━━ Supplied records ━━

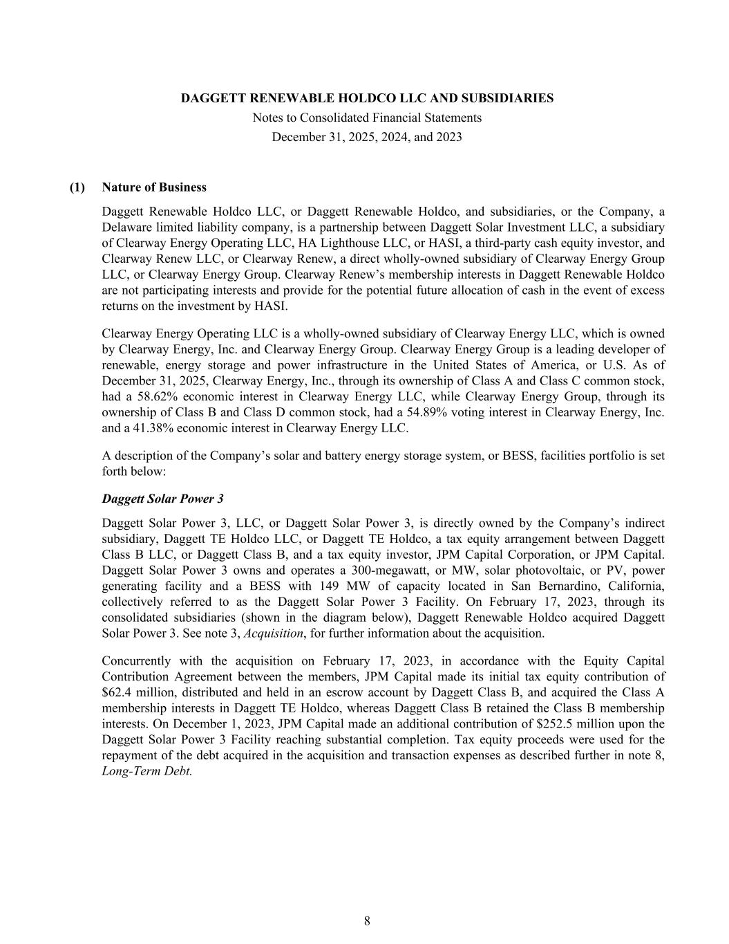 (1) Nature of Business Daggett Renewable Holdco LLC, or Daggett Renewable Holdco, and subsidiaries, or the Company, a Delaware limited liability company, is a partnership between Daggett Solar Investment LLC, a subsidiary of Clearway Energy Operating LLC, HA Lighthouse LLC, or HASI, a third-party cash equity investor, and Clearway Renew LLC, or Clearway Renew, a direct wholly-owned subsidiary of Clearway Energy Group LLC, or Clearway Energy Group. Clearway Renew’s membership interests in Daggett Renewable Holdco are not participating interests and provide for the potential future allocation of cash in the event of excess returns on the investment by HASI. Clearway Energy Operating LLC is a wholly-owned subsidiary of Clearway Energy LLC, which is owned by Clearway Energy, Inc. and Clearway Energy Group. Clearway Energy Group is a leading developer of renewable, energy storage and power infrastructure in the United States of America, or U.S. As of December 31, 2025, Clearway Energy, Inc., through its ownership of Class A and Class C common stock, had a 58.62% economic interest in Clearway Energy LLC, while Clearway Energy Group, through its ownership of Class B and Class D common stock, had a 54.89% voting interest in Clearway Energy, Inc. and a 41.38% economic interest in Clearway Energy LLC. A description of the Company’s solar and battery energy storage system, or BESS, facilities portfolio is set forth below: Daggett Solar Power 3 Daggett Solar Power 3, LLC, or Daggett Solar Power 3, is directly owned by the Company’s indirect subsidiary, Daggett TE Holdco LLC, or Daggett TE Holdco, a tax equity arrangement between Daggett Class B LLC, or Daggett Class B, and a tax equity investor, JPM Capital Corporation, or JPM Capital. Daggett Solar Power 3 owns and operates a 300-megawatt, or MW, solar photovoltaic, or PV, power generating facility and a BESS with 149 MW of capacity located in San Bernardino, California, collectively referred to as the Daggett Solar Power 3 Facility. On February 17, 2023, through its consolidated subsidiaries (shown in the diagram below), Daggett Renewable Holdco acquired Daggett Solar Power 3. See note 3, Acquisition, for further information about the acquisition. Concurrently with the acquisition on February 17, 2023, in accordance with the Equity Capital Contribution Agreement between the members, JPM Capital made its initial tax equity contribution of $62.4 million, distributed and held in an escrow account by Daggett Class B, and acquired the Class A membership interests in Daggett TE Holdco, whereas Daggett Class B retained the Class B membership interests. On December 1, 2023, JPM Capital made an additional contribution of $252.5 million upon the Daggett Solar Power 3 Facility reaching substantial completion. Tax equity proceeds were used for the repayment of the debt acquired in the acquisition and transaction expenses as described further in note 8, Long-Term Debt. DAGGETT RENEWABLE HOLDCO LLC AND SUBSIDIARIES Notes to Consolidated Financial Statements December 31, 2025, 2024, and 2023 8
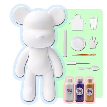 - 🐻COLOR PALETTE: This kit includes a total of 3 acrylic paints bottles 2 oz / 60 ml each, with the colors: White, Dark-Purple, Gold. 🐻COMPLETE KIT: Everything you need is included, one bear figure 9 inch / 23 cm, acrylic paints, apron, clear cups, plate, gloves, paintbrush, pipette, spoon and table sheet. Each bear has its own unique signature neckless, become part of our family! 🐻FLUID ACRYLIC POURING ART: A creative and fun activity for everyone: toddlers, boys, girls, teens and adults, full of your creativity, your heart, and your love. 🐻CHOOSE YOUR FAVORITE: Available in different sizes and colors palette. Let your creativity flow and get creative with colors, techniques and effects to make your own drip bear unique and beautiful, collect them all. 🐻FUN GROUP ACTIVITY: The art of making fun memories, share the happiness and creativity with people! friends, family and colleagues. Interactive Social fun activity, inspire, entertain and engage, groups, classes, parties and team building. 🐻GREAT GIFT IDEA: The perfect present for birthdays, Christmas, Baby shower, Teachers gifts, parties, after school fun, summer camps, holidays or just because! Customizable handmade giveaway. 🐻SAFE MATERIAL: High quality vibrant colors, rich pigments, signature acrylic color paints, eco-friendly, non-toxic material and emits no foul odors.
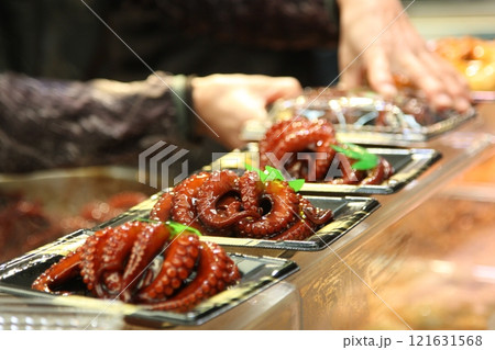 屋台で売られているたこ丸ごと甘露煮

━━━
━━ Supplied records ━━

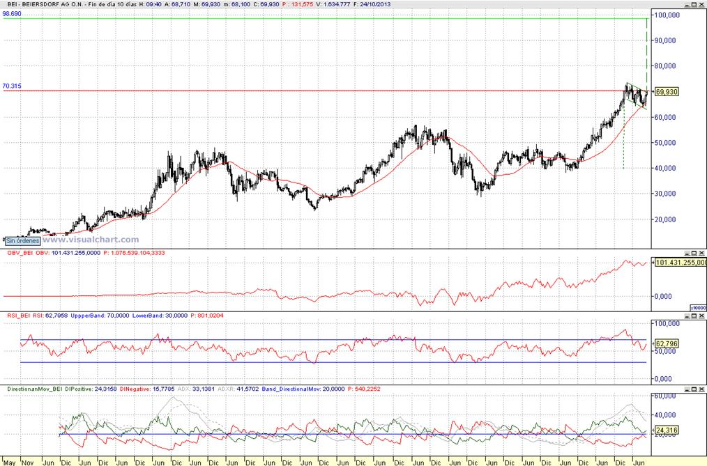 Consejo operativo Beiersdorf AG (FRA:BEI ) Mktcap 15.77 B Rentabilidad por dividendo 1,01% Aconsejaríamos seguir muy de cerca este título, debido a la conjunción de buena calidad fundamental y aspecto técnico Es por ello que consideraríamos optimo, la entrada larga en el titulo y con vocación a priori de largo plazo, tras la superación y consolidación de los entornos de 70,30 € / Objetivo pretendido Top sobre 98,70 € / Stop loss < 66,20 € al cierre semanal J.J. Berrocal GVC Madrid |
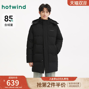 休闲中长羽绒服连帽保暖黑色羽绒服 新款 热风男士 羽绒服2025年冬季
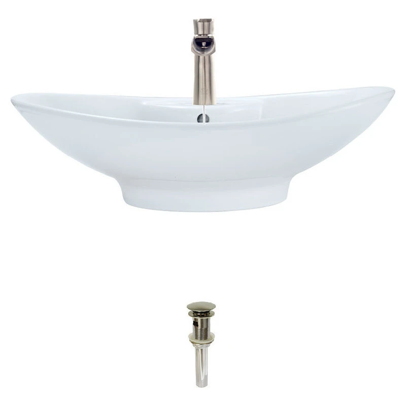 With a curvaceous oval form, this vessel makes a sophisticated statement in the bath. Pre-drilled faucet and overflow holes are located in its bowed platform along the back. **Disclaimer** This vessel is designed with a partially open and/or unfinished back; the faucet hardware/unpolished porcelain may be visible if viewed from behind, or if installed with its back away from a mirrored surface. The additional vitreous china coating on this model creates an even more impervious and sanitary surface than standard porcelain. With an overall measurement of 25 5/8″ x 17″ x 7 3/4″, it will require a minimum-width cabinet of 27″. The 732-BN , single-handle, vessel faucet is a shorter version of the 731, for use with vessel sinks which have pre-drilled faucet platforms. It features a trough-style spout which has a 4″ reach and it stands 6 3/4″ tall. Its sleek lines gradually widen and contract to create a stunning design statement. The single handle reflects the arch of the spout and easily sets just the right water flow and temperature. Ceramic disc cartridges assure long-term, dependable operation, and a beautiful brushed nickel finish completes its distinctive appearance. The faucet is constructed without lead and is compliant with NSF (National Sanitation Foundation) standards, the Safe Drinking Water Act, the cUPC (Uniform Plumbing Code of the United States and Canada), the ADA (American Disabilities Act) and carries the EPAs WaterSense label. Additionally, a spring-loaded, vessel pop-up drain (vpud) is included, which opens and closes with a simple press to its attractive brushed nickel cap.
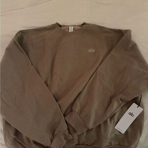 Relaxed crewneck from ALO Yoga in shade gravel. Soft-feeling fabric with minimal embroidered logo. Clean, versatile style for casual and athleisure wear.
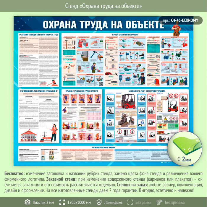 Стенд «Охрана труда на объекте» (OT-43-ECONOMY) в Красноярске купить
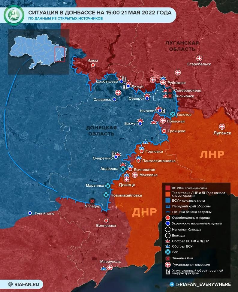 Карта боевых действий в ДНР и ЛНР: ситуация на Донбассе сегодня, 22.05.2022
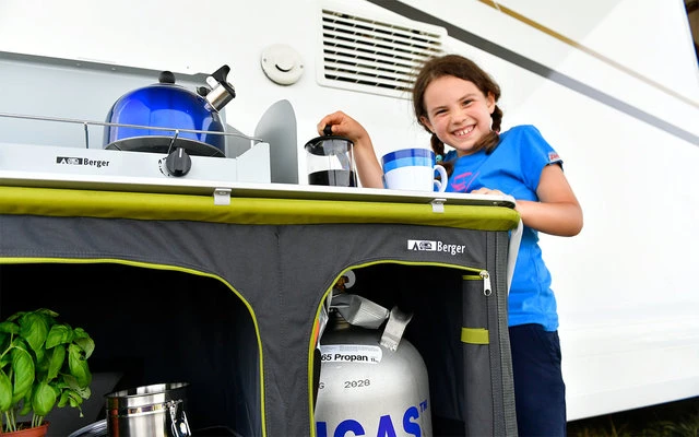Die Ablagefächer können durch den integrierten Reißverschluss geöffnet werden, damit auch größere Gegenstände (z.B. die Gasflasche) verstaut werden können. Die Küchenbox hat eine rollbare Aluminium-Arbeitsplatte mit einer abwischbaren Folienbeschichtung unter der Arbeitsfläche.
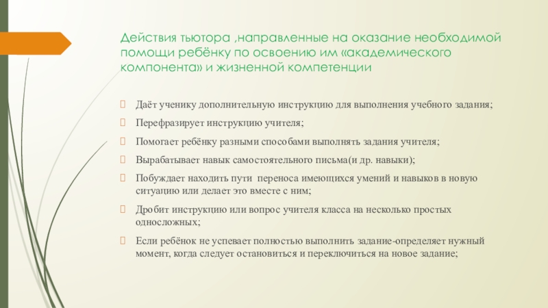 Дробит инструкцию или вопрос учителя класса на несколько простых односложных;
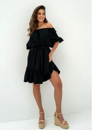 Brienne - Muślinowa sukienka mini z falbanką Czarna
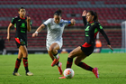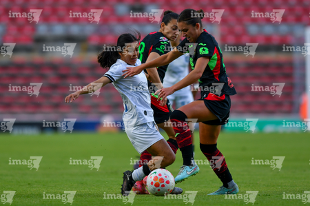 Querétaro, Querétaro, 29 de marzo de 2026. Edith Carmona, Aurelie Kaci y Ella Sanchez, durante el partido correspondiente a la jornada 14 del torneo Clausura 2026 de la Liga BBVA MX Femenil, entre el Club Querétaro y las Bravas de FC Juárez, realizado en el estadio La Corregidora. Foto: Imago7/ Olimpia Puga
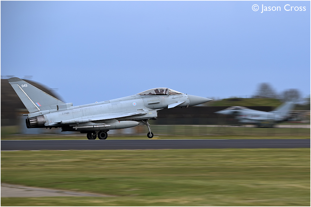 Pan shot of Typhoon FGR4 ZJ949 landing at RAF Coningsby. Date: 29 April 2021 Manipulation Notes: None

━━━

Copy nothing but the lines above that run from the one with "Relaxed crewneck from" to the one with "Die Ablagefächer können", ends included; pictures stay out.

 Relaxed crewneck from ALO Yoga in shade gravel. Soft-feeling fabric with minimal embroidered logo. Clean, versatile style for casual and athleisure wear.
 Стенд «Охрана труда на объекте» (OT-43-ECONOMY) в Красноярске купить
 Карта боевых действий в ДНР и ЛНР: ситуация на Донбассе сегодня, 22.05.2022
Die Ablagefächer können durch den integrierten Reißverschluss geöffnet werden, damit auch größere Gegenstände (z.B. die Gasflasche) verstaut werden können. Die Küchenbox hat eine rollbare Aluminium-Arbeitsplatte mit einer abwischbaren Folienbeschichtung unter der Arbeitsfläche.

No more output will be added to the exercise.